Здесь Хейзит впервые почувствовал, что возвращается домой. Именно среди таких изб он и вырос и сам кому угодно мог бы сейчас поведать о том, что дома за изгородями — жилые, а те постройки, что ничем не обнесены, общественные: кузницы, пекарни, лавки преуспевающих торговцев всякой всячиной, часовни, оружейные мастерские, постоялые дворы и конечно же таверны. В одной из таких таверн, только не ярко- вишневой, как вон та, что виднеется за мельницей, а темно-зеленой, трудится сейчас его родная мать. Трудится и не знает, что он уже вернулся, вернулся раньше положенного срока, но зато живой и здоровый, а не раненый или даже изувеченный, каким наверняка был бы, если б не удачный побег из самого пекла войны.

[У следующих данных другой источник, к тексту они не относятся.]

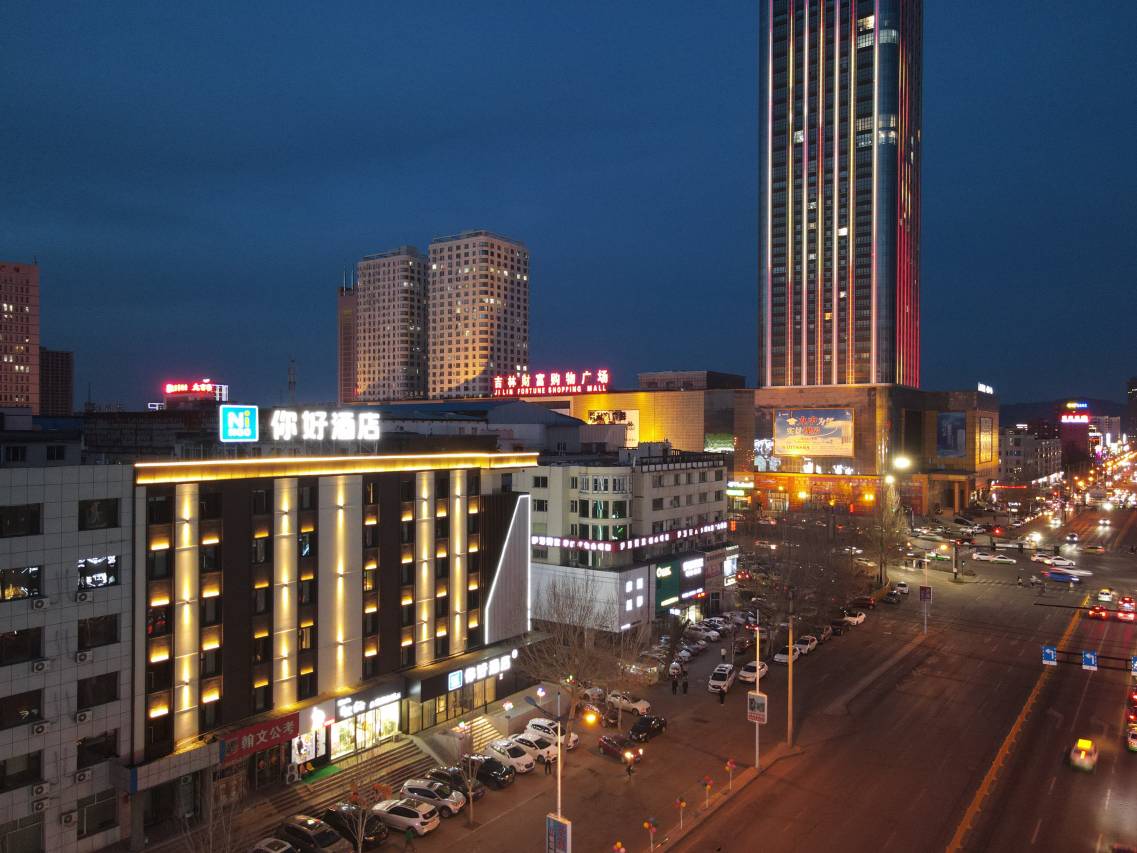 你好酒店是华住会旗下新晋的超高性价比多元精选新青年酒店品牌。酒店位于吉林市解放中路与吉林大街交汇西行1分钟(市中心黄金地段),酒店附近有多条公交线路,乘坐1、3、33、58、40、44、45、46、48、101、140、808路即可到达酒店,酒店毗邻市中心商圈:吉林财富购物广场(步行约3分钟)、物华商城(步行约2分钟)、天津街批发市场、万达影城、国贸购物、东市场、百货大楼、河南街步行街、大东门、周边购物餐饮娱乐场所便利齐全,步行至北华大学附属医院约3分钟,吉林市中心医院约5分钟,吉林市儿童医院约10分钟。客房采用高品质零压床垫,为您睡眠质量保驾护航。超大LED美妆镜,使您出行美美哒。55寸超大液晶电视,即刻享受震撼视觉的盛宴。酒店引进华掌柜自助办理入住和机器人送物等服务,节约您的宝贵时间,保证您的安全。大堂简约轻奢商务区与网红拍照打卡墙完美结合,为您营造出一个娴雅的社交氛围和温馨小憩的环境,另外酒店配备洗衣房,行李房满足您的出行需求。酒店周边集购物娱乐休闲于一体,是您商务出行、休闲旅行的多彩之选。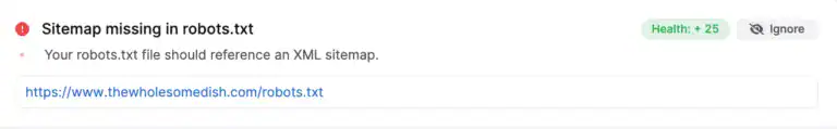 If your XML sitemap is not referenced in your robots file, it will be flagged with the following message in the Site Auditor.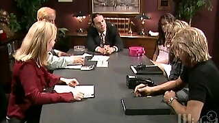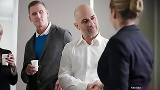 Blonde Bosses Fucking Their Employees' Good-sized Cocks In CFNM Foursome

На душе у него потяжелело и захотелось домой, в тепло привычной комнаты под крышей, в запах пивных дрожжей и вареного лука.
Но тут его обожгла новая внезапная мысль: а что, если слух о гибели их заставы уже разнесся по округе? Что, если мать и сестра решили, будто их сын и брат погиб вместе с остальными эльгяр? Смогли ли они пережить эту страшное известие? Ведь Велла так жалобно плакала, когда он собирал вещи, готовясь в поход.
Вероятно, Исли испытывал сейчас нечто подобное. Тоскливо оглядываясь по сторонам, он наконец не выдержал и натянул повод своей выбившейся из сил коняги.
— Поступайте как знаете, а я хочу с вами тут распрощаться. Не пойду я в замок. Нечего мне там делать. Если кого долг зовет, я такого долга за собой не чувствую. Мне бы поскорее семейство мое увидеть. Думаю, они меня и без мешка денег рады будут обратно принять. Скажу, Ракли заплатил мне сполна, теперь мы в расчете. Буду, как прежде, рыбачить да уловом торговать. Авось на старость наторгую. Да и Мадлох, дурачина, думаю, скоро объявится. Не будет же он по лесам с этим чокнутым воякой отсиживаться. Ну, бывайте здоровы.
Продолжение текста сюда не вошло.